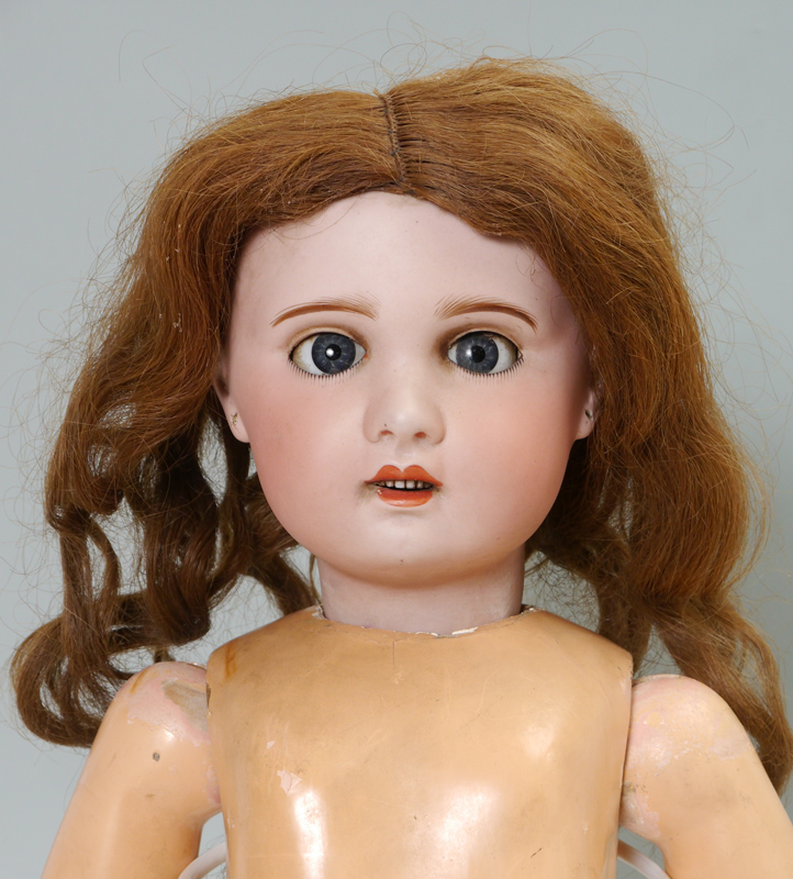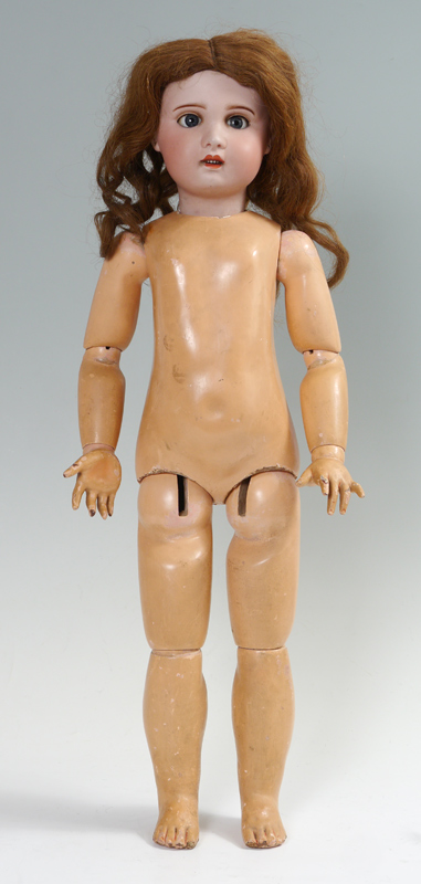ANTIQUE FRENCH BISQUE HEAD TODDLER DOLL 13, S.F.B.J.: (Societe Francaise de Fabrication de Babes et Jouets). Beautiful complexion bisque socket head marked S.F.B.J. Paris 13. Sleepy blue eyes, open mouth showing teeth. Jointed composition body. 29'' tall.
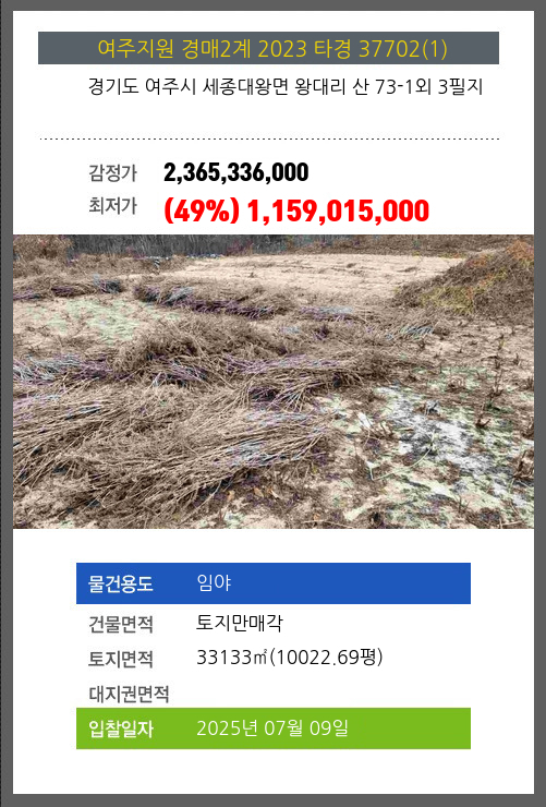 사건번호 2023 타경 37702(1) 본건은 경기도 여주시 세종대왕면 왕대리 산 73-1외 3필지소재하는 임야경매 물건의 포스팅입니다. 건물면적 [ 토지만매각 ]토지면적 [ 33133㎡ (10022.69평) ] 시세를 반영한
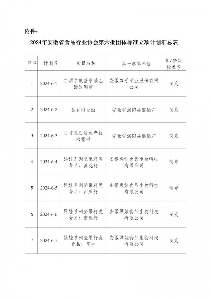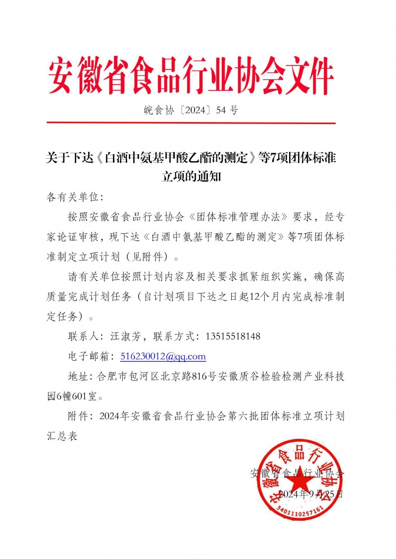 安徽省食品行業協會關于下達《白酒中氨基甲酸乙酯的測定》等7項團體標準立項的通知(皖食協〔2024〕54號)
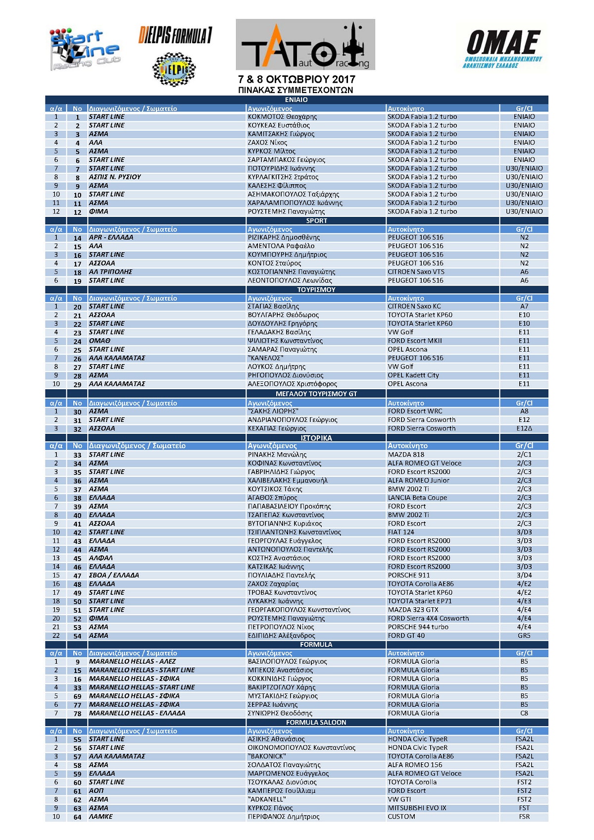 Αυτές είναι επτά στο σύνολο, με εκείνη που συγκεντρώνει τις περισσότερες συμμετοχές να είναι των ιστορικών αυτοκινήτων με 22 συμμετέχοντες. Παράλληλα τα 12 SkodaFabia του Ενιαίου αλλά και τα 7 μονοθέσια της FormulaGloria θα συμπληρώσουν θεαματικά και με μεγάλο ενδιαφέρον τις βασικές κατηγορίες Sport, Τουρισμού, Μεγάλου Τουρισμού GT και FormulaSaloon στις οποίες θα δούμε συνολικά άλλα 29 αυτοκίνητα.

--

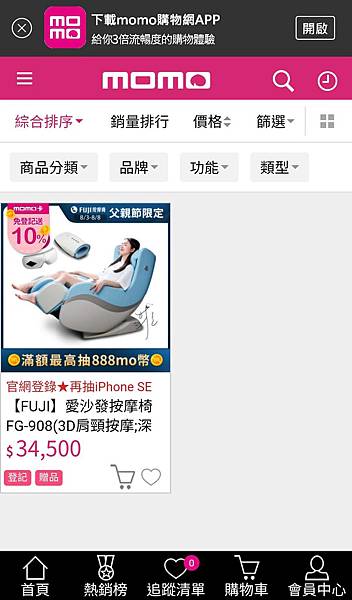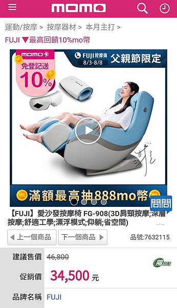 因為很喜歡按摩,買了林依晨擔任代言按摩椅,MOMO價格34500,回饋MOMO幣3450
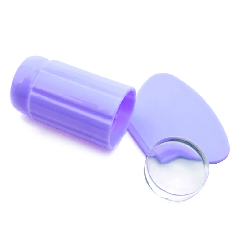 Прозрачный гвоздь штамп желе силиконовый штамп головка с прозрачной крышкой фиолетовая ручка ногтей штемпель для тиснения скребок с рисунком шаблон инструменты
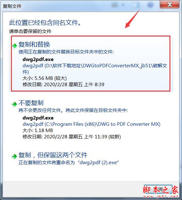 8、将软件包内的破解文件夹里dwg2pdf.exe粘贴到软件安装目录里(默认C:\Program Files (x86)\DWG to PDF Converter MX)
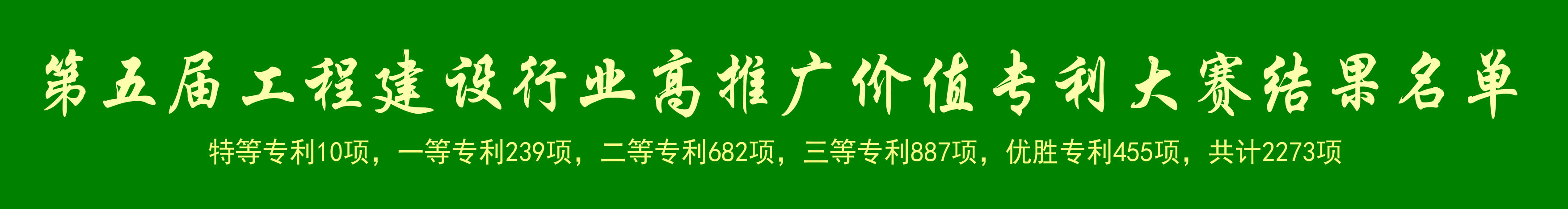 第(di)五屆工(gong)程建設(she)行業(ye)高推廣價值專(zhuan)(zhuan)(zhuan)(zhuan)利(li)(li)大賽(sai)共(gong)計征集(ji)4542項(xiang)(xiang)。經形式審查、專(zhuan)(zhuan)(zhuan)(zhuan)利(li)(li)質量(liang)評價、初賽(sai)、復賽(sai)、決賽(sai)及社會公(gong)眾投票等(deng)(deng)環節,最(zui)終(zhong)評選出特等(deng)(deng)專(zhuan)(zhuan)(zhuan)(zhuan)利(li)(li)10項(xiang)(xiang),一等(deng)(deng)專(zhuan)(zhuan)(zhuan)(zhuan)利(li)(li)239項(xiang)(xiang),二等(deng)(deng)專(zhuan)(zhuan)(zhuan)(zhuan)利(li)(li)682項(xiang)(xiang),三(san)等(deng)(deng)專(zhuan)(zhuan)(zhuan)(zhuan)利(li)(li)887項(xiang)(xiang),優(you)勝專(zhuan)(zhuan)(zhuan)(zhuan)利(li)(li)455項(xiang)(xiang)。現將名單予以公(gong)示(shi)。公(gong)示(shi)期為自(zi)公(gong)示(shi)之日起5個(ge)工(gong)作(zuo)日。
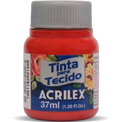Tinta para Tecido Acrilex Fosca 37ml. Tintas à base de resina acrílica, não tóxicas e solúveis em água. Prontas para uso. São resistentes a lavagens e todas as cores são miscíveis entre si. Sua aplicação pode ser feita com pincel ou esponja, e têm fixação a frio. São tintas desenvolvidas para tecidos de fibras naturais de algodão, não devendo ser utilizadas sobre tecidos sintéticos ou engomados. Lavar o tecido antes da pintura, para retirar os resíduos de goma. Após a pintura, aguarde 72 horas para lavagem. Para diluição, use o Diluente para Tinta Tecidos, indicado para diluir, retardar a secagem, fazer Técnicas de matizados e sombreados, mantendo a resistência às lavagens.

---

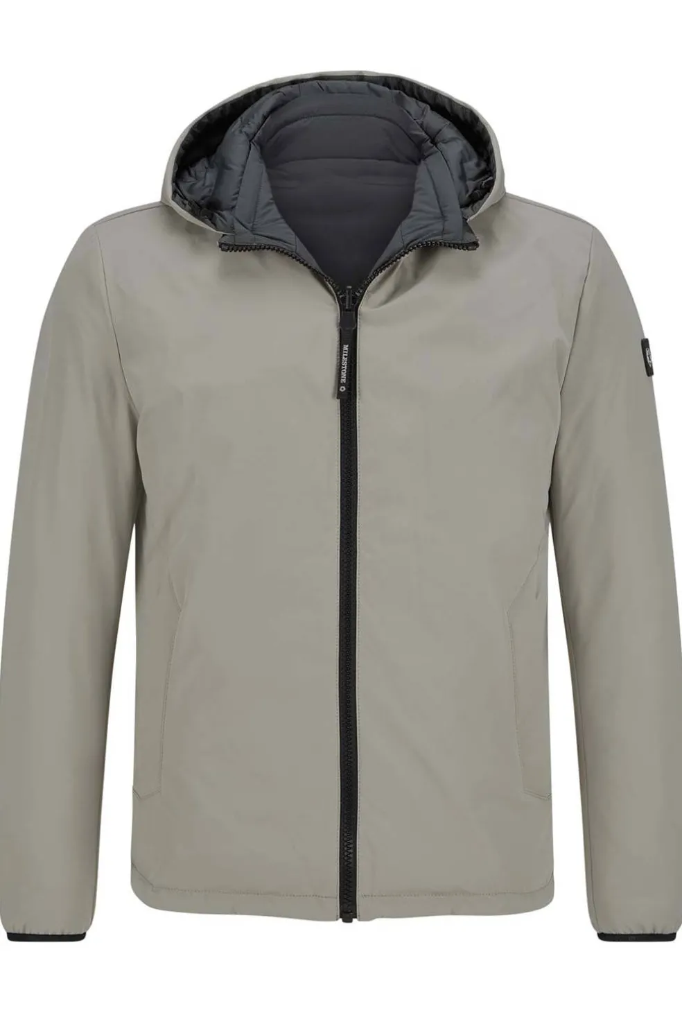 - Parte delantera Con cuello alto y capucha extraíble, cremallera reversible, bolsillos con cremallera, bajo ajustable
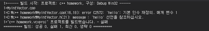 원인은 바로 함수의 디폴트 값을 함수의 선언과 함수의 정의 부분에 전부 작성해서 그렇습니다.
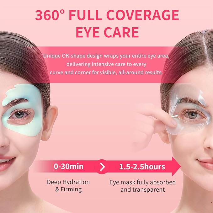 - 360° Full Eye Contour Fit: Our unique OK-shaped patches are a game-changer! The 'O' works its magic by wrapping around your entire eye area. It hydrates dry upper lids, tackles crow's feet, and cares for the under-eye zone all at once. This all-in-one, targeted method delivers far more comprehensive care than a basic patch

- Task directions: Working from the data above, repeat exactly, and only, the lines that begin at the line containing "ANTIQUE FRENCH BISQUE" and stop after the line containing "安徽省食品行業協會關于下達《"; pictures are not copied.

- Written response:
ANTIQUE FRENCH BISQUE HEAD TODDLER DOLL 13, S.F.B.J.: (Societe Francaise de Fabrication de Babes et Jouets). Beautiful complexion bisque socket head marked S.F.B.J. Paris 13. Sleepy blue eyes, open mouth showing teeth. Jointed composition body. 29'' tall.
 사건번호 2023 타경 37702(1) 본건은 경기도 여주시 세종대왕면 왕대리 산 73-1외 3필지소재하는 임야경매 물건의 포스팅입니다. 건물면적 [ 토지만매각 ]토지면적 [ 33133㎡ (10022.69평) ] 시세를 반영한
 安徽省食品行業協會關于下達《白酒中氨基甲酸乙酯的測定》等7項團體標準立項的通知(皖食協〔2024〕54號)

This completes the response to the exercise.